In some circumstances, HbA1c is a less reliable marker than plasma glucose. Examples include people with hemoglobinopathies (eg, sickle cell trait), increased red blood cell turnover (eg, hemodialysis or recent blood cell loss/transfusion), HIV, glucose-6-phosphate dehydrogenase deficiency, or cystic fibrosis, as well as during pregnancy (2nd and 3rd trimester) and the postpartum period.1,7 In addition, primary prevention measures have proven more efficacious for individuals whose glycemic status is based on OGTT results compared with isolated FPG results or HbA1c results meeting the criteria for prediabetes.1

The American Diabetes Association® (ADA) recommends using FPG, OGTT, and HbA1c for diagnosing diabetes and identifying increased diabetes risk (prediabetes). Screening for prediabetes and/or type 2 diabetes should be performed for all individuals beginning at age 35 years, earlier for those with risk factors (see Table 2.3 in Standards of Care in Diabetes—2023 Abridged for Primary Care Providers),8,9 HIV, pregnant individuals, and those planning pregnancy (Table 2).1 For overweight or obese children or adolescents with ≥1 risk factors, screening should be considered after the onset of puberty or after 10 years of age, whichever occurs earlier.1

For individuals with prediabetes, annual monitoring for development of diabetes is recommended; frequency of monitoring may be modified based on an individual’s risk-to-benefit assessment.1 For those without diabetes or prediabetes, screening should be repeated every 3 years.1

Management

Following a diagnosis of diabetes, a combination of laboratory and clinical tests can be used to monitor blood glucose control, detect onset and progression of diabetic complications, and predict treatment response. Recommended testing frequency and target results for these tests can be found in Table 3. 7,10,11 Different laboratory tests are available for monitoring blood glucose control over the short-, long-, and intermediate term to help evaluate the effectiveness of a management plan.
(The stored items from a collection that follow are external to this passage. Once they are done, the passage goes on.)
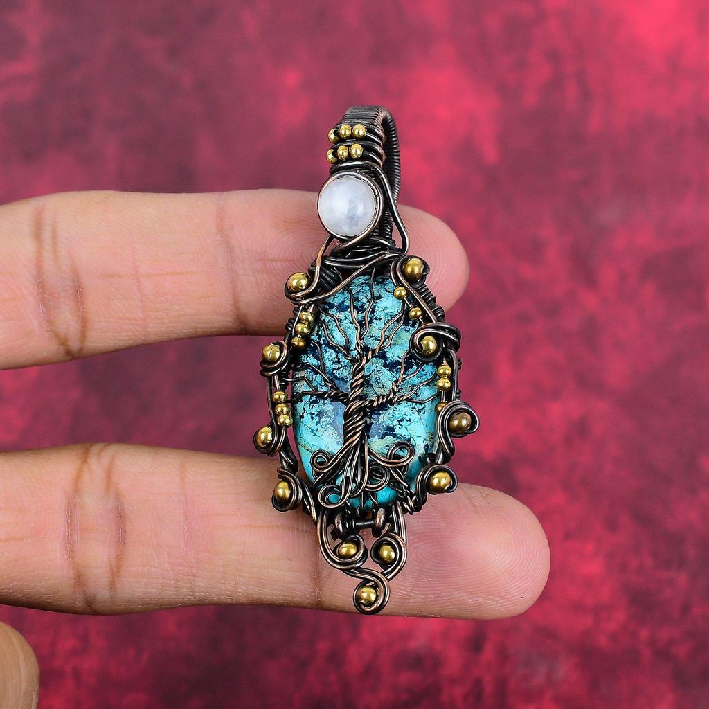 Tree of Life Chrysocolla Pendant Copper Wire Wrapped Jewelry Rainbow Moonstone Gemstone Pendant Gifts for Wife Handmade Copper Wire Pendant
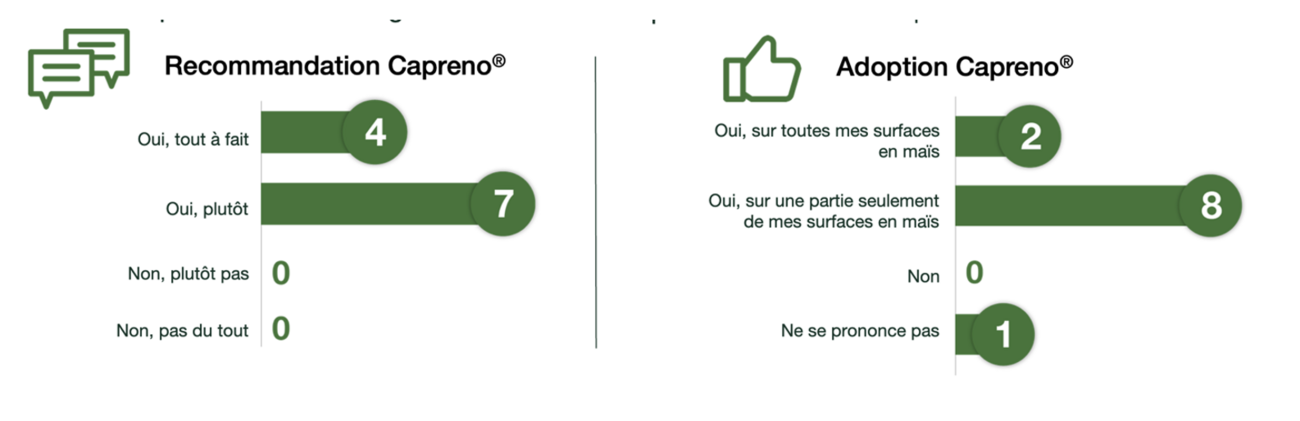 100% des agriculteurs testeurs sont prêts à recommander Capreno® à d’autres agriculteurs et 91% d’entre eux se disent prêts à l'adopter sur au moins une partie de leurs surfaces en maïs.
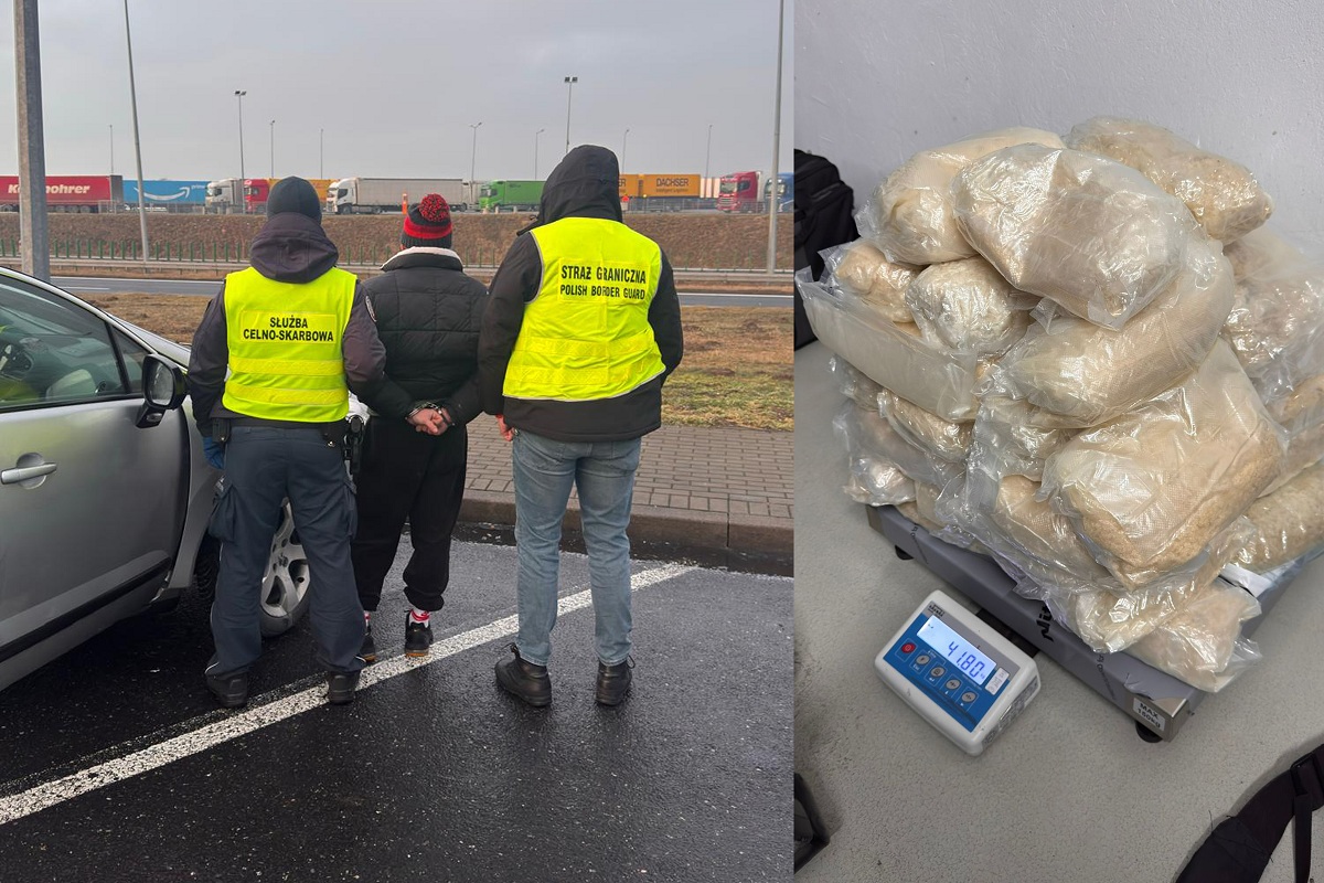 W trakcie kontroli szczegółowej pojazdu funkcjonariusze znaleźli zamontowaną skrytkę w przednim nadkolu pojazdu. W zabezpieczonej metalową klapą skrytce znajdowało się 40 zamkniętych woreczków foliowych zawierających krystaliczną substancję. Badanie testem narkotykowym wykazały, że jest to mefedron. Funkcjonariusze zabezpieczyli prawie 42 kg narkotyku o czarnorynkowej wartości ponad 2,5 mln zł.

Blood glucose monitoring (BGM) and continuous glucose monitoring (CGM) are useful for tracking short-term treatment responses in insulin-treated patients, but their usefulness is less clear in non–insulin-treated patients.7,12 By contrast, the long-term HbA1c measure should be used as the primary test of glycemic control in all nonpregnant adults with diabetes7; lowering HbA1c levels by 1 percentage point reduces the risk of microvascular complications by approximately 40%.13 To help patients relate long-term glucose control to daily BGM measurements, HbA1c test results may be converted to conventional glucose units (mg/dL or mmol/L) and reported as the estimated average glucose (eAG).3-5,7

Alternatives to HbA1c testing for monitoring glycemic control over the intermediate term include fructosamine testing (2 to 3 weeks) and 1,5-anhydroglucitol (1,5-AG, 1 to 2 weeks) testing. Fructosamine testing is particularly useful when HbA1c may not be a reliable marker, such as in hemodialysis patients with high red blood cell turnover, early responses to treatment changes, and pregnancy complicated by diabetes.14 Levels of 1,5-AG are used to assess postprandial excursions in individuals with moderately or well-controlled HbA1c levels (6.5% to 8.0%).11,14 A 2020 study proposes that 1,5-AG be used to increase physician awareness of steroid-induced hyperglycemia and poor short-term glycemic control, which is associated with poorer outcomes.15 Levels of 1,5-AG have been found to be predictive of microvascular complications, independent of HbA1c, in patients undergoing glucose and blood pressure-lowering therapy.16 However, no current guidelines provide recommendations on how either fructosamine or 1,5-AG should be incorporated into clinical practice.7,14 Quest Diagnostics offers 1,5-AG testing, which can be used as suggested (Figure)11 in conjunction with HbA1c to identify individuals experiencing postprandial excursions over the short- to intermediate term. The 1,5-AG test is unreliable for patients taking SGLT2 inhibitors because of assay interference.17

Figure. Suggested Use of the 1,5-AG Test

Individuals with diabetes are at increased risk of heart and kidney disease, retinopathy, neuropathy, and nonalcoholic fatty liver disease (NAFLD). Routine eye and foot exams, along with blood pressure, lipids, urine albumin-creatinine ratio, creatinine/estimated glomerular filtration rate (eGFR), and liver function testing, are recommended to detect the onset and monitor progression of these complications (Table 4).6,18,19

Tables 1, 2, 3, and 4 are provided for informational purposes only and are not intended as medical advice. Test selection and interpretation, diagnosis, and patient management decisions should be based on the physician’s education, clinical expertise, and assessment of the patient.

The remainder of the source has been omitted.